Given the global presence, the company can reliably when necessary lean into more growing and promising markets around the world, one of them being Asia right now. I think that going forward seeing this type of momentum for EG is further adding support for a higher valuation. Being able to offset some challenges in other markets by focusing on growing ones should ultimately lead to more reliable and steadily growing earnings for the business.
Risk Associated
EG continues to navigate a landscape of growing regulatory and financial intricacies, particularly due to its segmented structure and geographic diversity. This complexity can pose challenges, potentially affecting EG’s operational flexibility. In the face of heightened stressors, the company may encounter hurdles in maintaining its long-term growth trajectory and cash flow generation potential. The last quarter showcased some strength though as the pricing conditions improved. I think this is the first thing that will deteriorate and post a warning sign that earnings for EG may fall.
Treasury Yields (CNBC)
The insurance industry has faced challenges in outperforming the broader market due to its exposure to fixed-rate bonds, which exhibit an inverse relationship with interest rates.

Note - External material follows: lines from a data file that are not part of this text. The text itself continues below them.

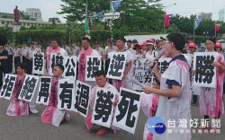(圖/翻攝 市縣政府機關環保工會聯合會臉書) 總統蔡英文就任滿兩週年,勞團勞權公投聯盟今天走上凱道怒吼心中的不滿,重砲抨擊蔡英文選前宣稱「勞工是民進黨心中最軟的一塊」,選後還「2次修惡勞基法」。並以「過勞惡法,害死勞工!」為主題,上演行動劇,勞團穿著過勞衣躺在凱道上,象徵過勞、血汗,嘲諷「政府上台2年,讓勞權倒退30年」。呼籲民眾參與勞權公投,...... [閱讀更多]
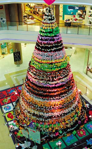 2008年是特殊的一年,除舊迎新之際,圣誕樹和它的主人也以特殊的方式奉獻(xiàn)愛心。在裝修一新的353廣場中庭,樹起了一棵由2353個(gè)卡通玩偶組成的“玩具圣誕樹”,整棵樹高12米,消費(fèi)者可以花49.5元認(rèn)購其中任何一只玩具,并獲贈(zèng)商家送出的愛心相框留念,日后,這些玩具將被發(fā)往地震災(zāi)區(qū)的學(xué)校,捐給那里的小朋友。
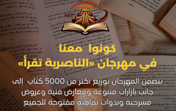 تحتضن مدينة الناصرية غدا الجمعة، مهرجان "الناصرية تقرأ" الثقافي، الذي يُقام بتنظيم مشترك بين اتحادي الشبيبة الديمقراطي العراقي والطلبة العام في جمهورية العراق، وذلك على كورنيش المدينة.
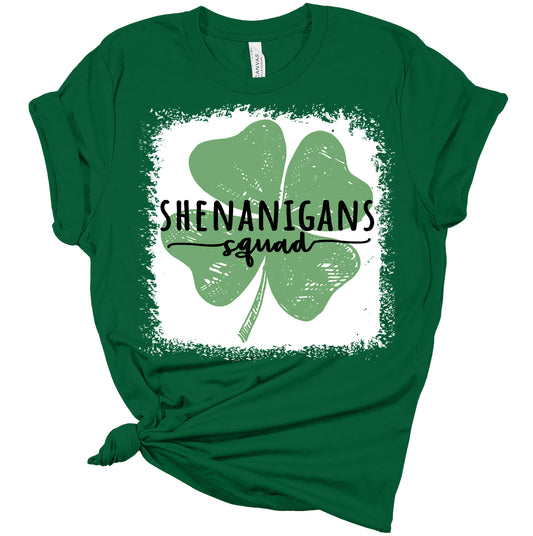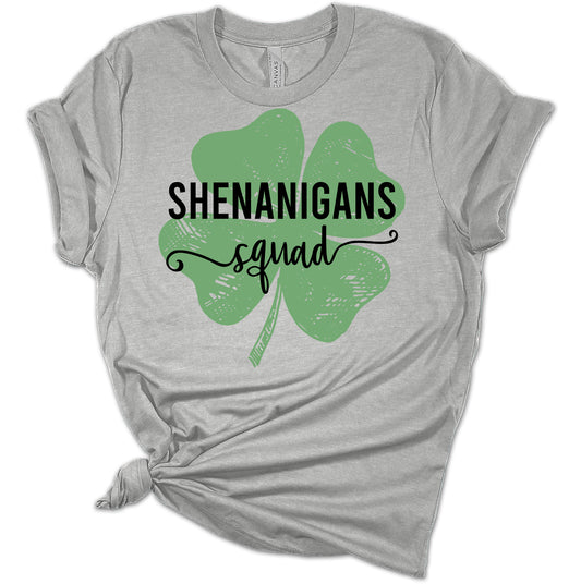 Shenanigans Squad Shirt St Patricks Day T-Shirt Bella Irish Clover Graphic Print Shirts for Women
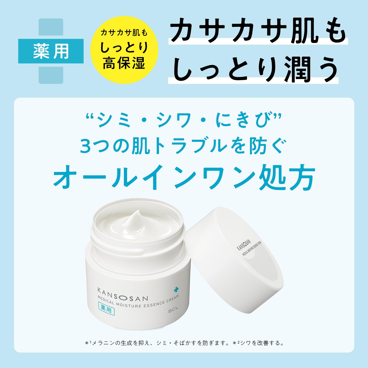 「美容液・乳液・クリーム」の役割を持つ高保湿な3in1クリーム。肌にとろんと伸びて、バームのようにピタッと潤いを密封。化粧液同様の薬用処方で肌トラブルを防ぎ、カサカサ肌をしっとり整えます。

This dynamic impacts EG, especially in its reinsurance market, as rising interest rates can lead to reduced demand, affecting insurers’ net incomes and potentially hindering scale growth. If the fixed-rate bonds continue to largely underperform I think that the bottom line may be subject to a decline in the coming years. Furthermore, as the interest rates are climbing in the US the demand is likely to go down as well but this should be shortlived I think. My view on the interest rates is that they will remain elevated for the better part of 2024 and then begin to go down. Once they go down the bonds will likely appreciate and yield stronger earnings potential to companies like EG. Over time this should provide stable growth through the cycle and showcase why EG is a sound addition to a portfolio.
Investor Takeaway
EG has made a lot of progress over the years and right now is in a very favorable position I think to continue and grow very well over the coming several years. For investors that seek a broad and well-diversified insurance and reinsurance company EG looks solid. With a dividend as well that I think could showcase strong single-digit growth over the coming decade, it bolsters the buy case further. I am rating EG a buy now.